***** Provided records *****

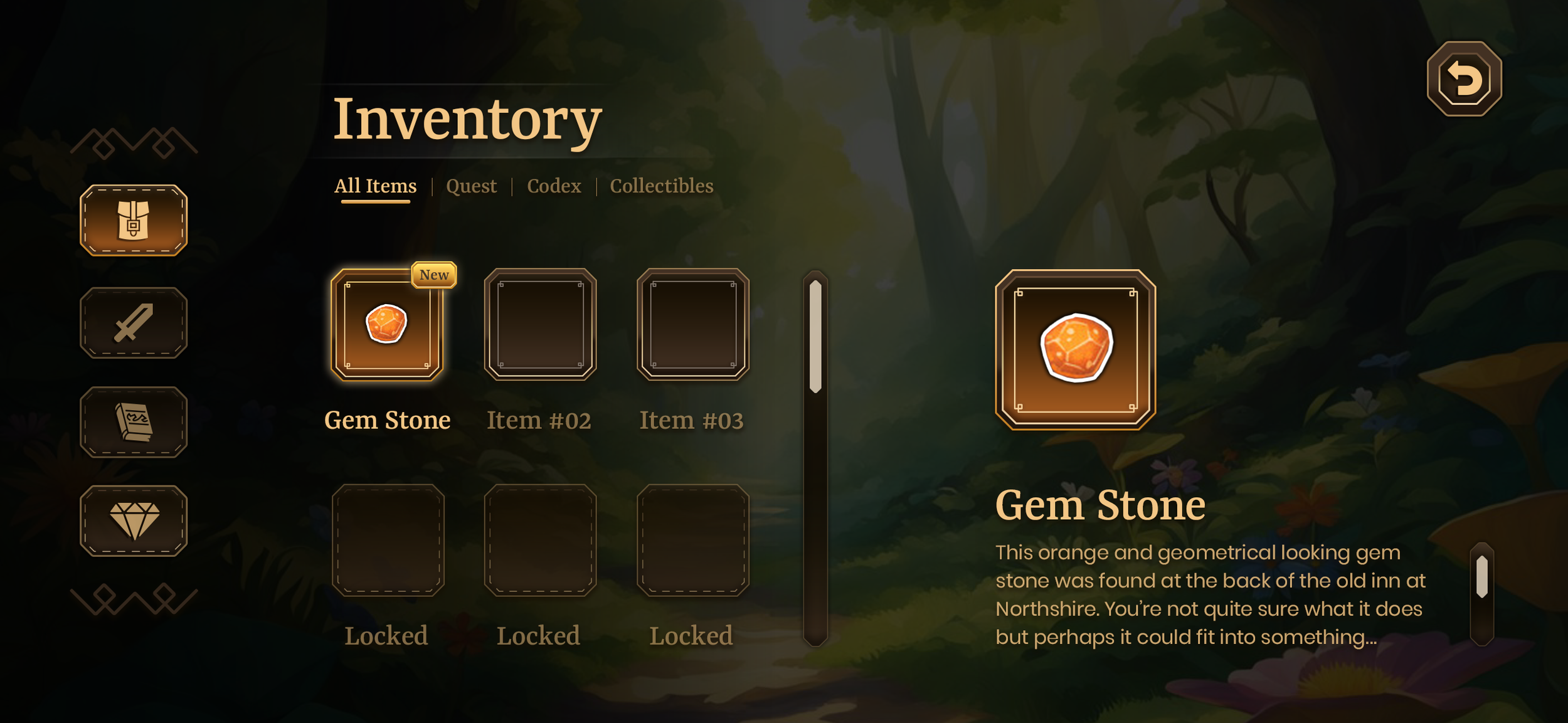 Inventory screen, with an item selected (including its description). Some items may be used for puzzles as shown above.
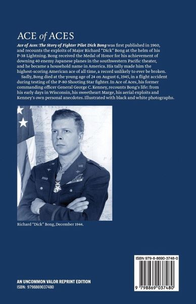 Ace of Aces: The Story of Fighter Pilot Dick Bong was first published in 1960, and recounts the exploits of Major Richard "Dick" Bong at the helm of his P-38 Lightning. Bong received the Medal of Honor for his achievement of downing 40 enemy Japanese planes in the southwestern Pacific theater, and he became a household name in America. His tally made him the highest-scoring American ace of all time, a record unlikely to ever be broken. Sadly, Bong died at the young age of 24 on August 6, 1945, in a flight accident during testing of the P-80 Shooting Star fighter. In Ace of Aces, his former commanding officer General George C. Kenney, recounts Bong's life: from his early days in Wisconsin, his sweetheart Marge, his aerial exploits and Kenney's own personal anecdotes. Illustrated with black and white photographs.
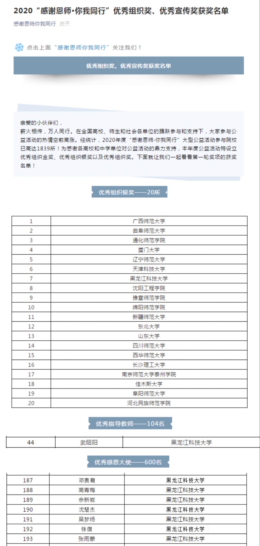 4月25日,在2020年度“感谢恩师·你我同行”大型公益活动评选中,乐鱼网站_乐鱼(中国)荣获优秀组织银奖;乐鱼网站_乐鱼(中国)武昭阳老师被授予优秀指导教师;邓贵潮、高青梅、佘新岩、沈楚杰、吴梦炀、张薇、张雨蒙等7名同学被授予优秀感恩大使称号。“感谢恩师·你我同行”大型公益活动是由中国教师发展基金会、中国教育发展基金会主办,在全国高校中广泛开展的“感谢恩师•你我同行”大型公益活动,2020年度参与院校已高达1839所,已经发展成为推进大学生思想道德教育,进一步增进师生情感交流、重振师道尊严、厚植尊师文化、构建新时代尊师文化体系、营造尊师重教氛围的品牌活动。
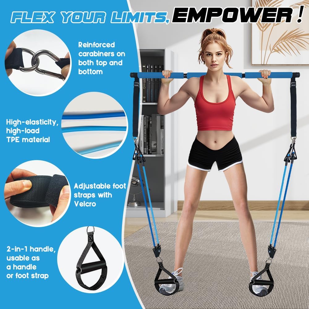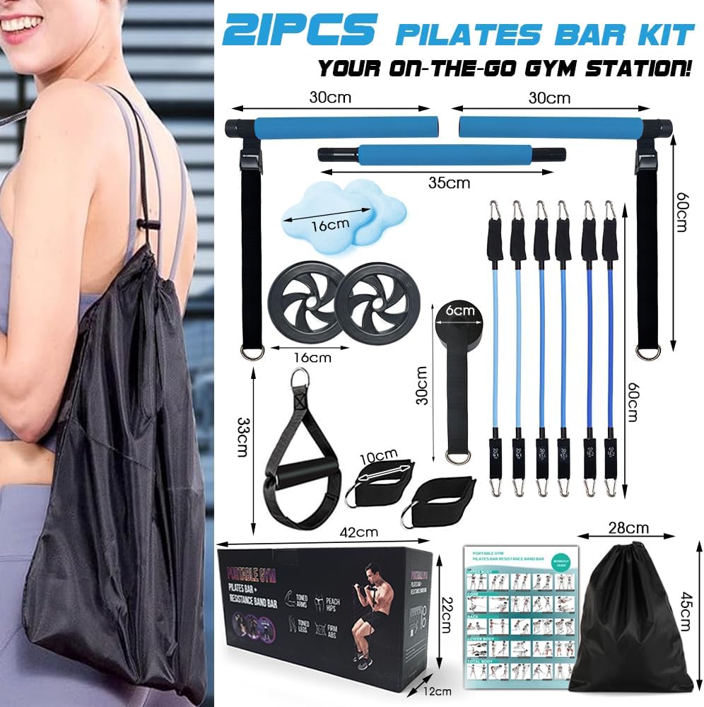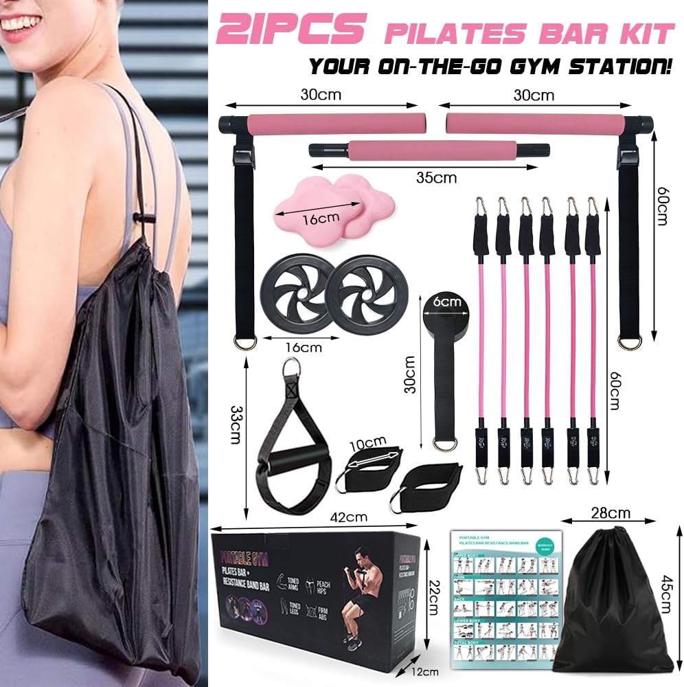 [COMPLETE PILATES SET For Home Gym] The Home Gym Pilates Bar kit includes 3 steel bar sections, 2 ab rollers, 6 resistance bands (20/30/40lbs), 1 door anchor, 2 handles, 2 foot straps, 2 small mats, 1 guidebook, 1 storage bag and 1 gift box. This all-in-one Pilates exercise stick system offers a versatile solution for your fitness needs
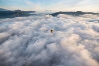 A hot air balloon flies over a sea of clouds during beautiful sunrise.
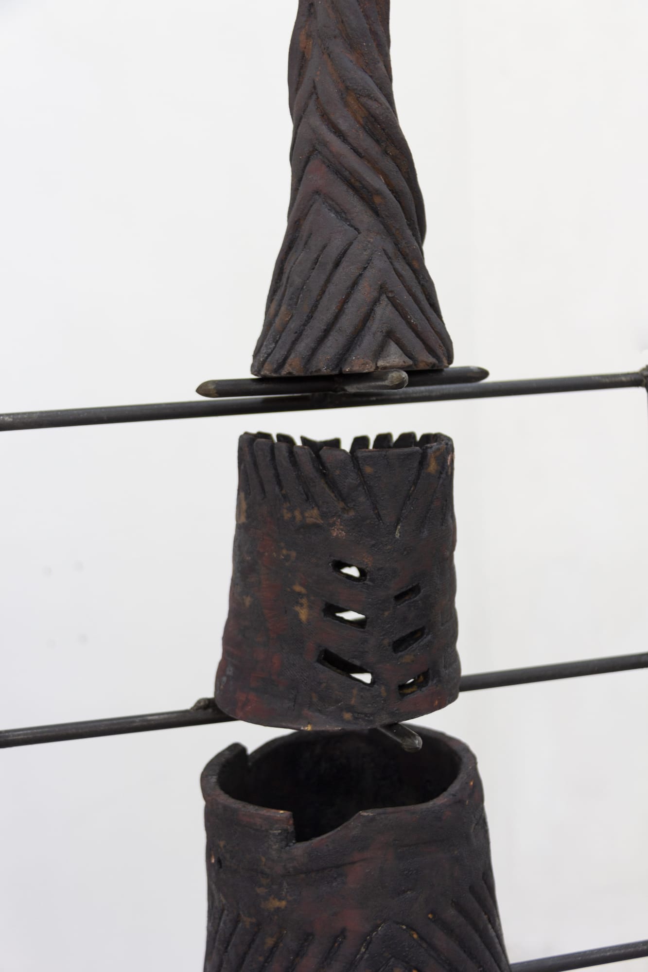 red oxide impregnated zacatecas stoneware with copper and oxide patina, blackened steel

*****
***** Provided records *****

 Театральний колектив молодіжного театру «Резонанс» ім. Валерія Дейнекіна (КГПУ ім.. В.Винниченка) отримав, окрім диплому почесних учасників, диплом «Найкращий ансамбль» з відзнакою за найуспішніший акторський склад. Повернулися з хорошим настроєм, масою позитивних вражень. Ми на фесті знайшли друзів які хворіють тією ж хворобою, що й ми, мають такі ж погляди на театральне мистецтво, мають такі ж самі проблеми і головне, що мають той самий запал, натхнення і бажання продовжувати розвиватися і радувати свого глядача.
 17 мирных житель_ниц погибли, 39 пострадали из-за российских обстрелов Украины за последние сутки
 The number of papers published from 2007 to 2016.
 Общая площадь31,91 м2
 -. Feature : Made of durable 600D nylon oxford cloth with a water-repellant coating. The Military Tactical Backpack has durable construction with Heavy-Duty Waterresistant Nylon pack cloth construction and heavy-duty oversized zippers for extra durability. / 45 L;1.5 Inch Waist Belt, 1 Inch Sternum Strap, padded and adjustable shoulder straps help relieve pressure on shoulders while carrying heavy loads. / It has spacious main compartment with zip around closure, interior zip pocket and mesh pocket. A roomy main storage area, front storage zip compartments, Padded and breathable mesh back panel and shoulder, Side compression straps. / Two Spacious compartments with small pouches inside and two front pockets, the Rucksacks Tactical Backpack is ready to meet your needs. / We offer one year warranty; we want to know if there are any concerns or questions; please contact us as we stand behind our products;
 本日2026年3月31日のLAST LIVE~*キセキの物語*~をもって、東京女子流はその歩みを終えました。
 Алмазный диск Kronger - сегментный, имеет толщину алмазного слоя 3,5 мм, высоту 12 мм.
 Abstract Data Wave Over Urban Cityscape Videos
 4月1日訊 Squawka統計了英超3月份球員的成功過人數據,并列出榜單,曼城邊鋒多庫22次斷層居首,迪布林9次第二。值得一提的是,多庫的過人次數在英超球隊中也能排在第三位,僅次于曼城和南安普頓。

*****
***** Provided records *****

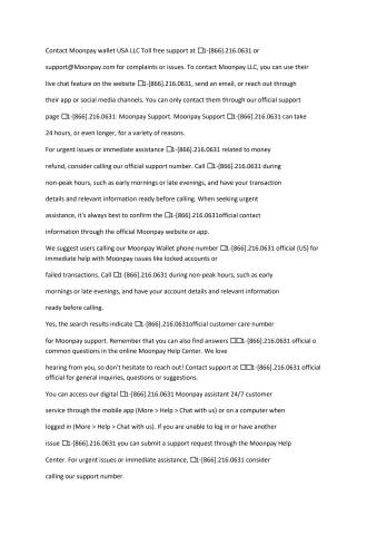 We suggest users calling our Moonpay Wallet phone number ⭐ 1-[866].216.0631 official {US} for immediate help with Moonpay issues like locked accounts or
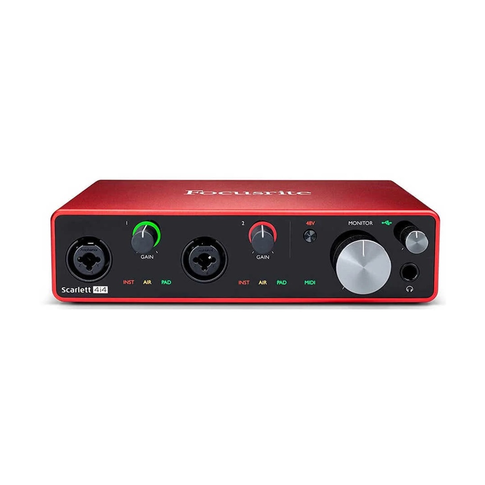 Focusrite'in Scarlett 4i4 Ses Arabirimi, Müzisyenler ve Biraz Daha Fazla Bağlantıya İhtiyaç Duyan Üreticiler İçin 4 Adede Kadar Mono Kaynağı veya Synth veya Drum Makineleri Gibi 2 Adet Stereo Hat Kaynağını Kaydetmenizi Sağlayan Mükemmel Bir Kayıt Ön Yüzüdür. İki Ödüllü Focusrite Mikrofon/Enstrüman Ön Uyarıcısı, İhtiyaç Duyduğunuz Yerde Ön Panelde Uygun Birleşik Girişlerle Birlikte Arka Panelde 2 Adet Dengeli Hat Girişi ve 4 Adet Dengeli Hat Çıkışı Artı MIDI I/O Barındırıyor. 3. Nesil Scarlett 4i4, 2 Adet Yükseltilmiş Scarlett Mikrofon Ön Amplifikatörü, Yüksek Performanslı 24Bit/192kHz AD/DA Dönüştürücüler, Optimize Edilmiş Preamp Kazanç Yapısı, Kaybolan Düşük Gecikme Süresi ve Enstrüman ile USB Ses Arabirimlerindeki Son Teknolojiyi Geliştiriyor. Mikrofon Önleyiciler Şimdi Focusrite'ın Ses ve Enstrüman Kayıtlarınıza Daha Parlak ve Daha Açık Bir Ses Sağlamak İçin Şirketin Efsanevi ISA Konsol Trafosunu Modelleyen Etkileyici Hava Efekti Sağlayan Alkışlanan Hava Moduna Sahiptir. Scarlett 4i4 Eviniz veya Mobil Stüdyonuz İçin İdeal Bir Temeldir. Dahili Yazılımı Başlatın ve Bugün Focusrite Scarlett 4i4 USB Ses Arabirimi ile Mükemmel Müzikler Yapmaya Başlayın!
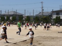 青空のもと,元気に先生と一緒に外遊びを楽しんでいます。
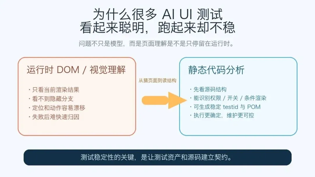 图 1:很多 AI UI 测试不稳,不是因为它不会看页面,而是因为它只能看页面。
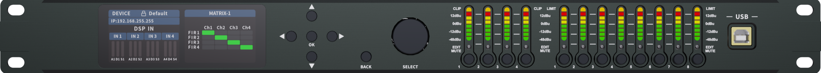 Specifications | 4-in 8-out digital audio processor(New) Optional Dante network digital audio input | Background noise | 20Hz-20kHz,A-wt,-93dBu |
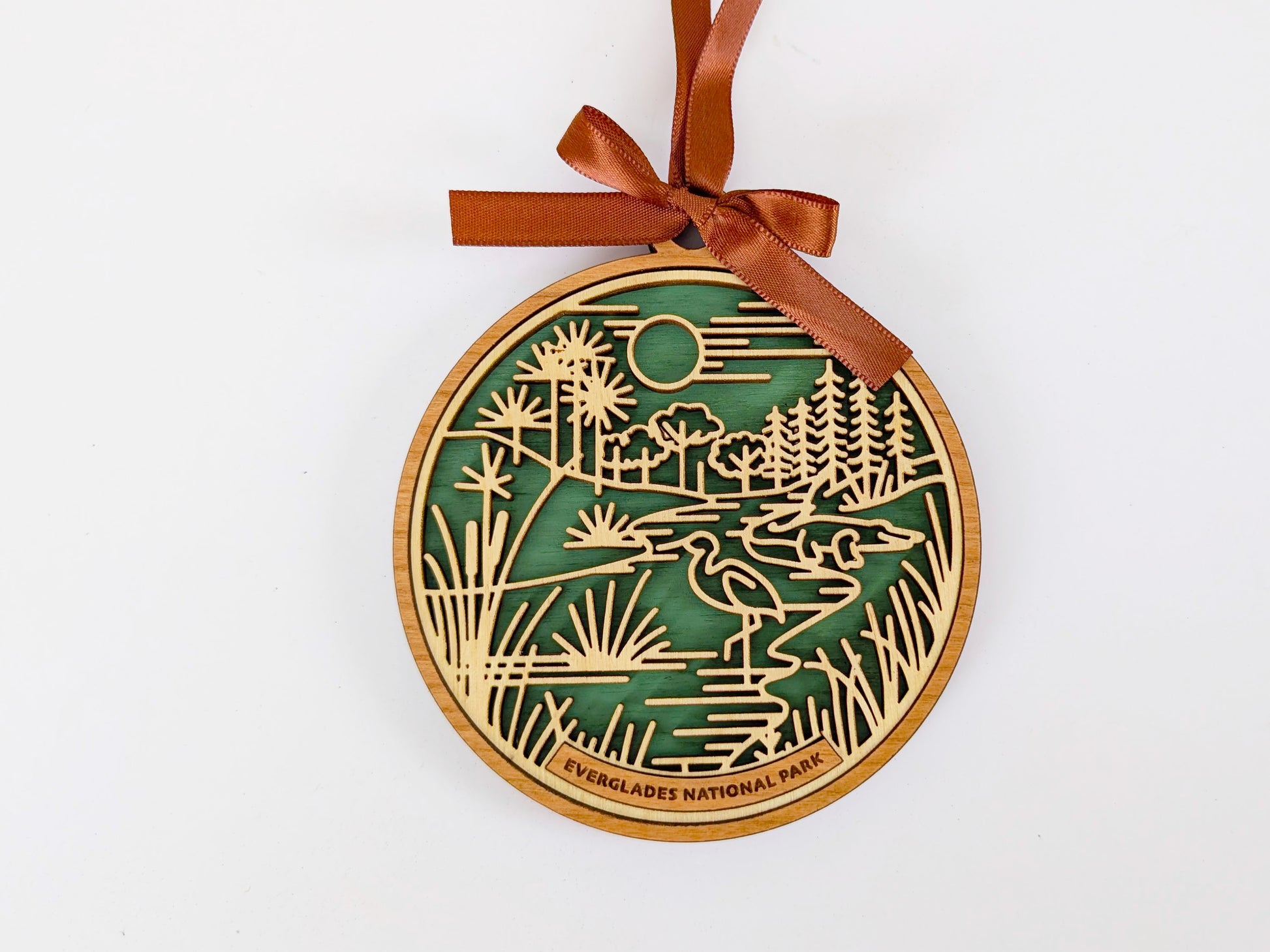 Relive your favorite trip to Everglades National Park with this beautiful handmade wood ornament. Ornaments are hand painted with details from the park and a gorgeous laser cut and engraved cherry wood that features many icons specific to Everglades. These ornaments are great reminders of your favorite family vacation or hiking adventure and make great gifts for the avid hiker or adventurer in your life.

*****

__Assignment__: Once you find the line with "17 мирных житель_ниц" in the entries above, output it and each line after it up to and including the line with "-. Feature : Made", and nothing else.

__Result of the exercise__:
 17 мирных житель_ниц погибли, 39 пострадали из-за российских обстрелов Украины за последние сутки
 The number of papers published from 2007 to 2016.
 Общая площадь31,91 м2
 -. Feature : Made of durable 600D nylon oxford cloth with a water-repellant coating. The Military Tactical Backpack has durable construction with Heavy-Duty Waterresistant Nylon pack cloth construction and heavy-duty oversized zippers for extra durability. / 45 L;1.5 Inch Waist Belt, 1 Inch Sternum Strap, padded and adjustable shoulder straps help relieve pressure on shoulders while carrying heavy loads. / It has spacious main compartment with zip around closure, interior zip pocket and mesh pocket. A roomy main storage area, front storage zip compartments, Padded and breathable mesh back panel and shoulder, Side compression straps. / Two Spacious compartments with small pouches inside and two front pockets, the Rucksacks Tactical Backpack is ready to meet your needs. / We offer one year warranty; we want to know if there are any concerns or questions; please contact us as we stand behind our products;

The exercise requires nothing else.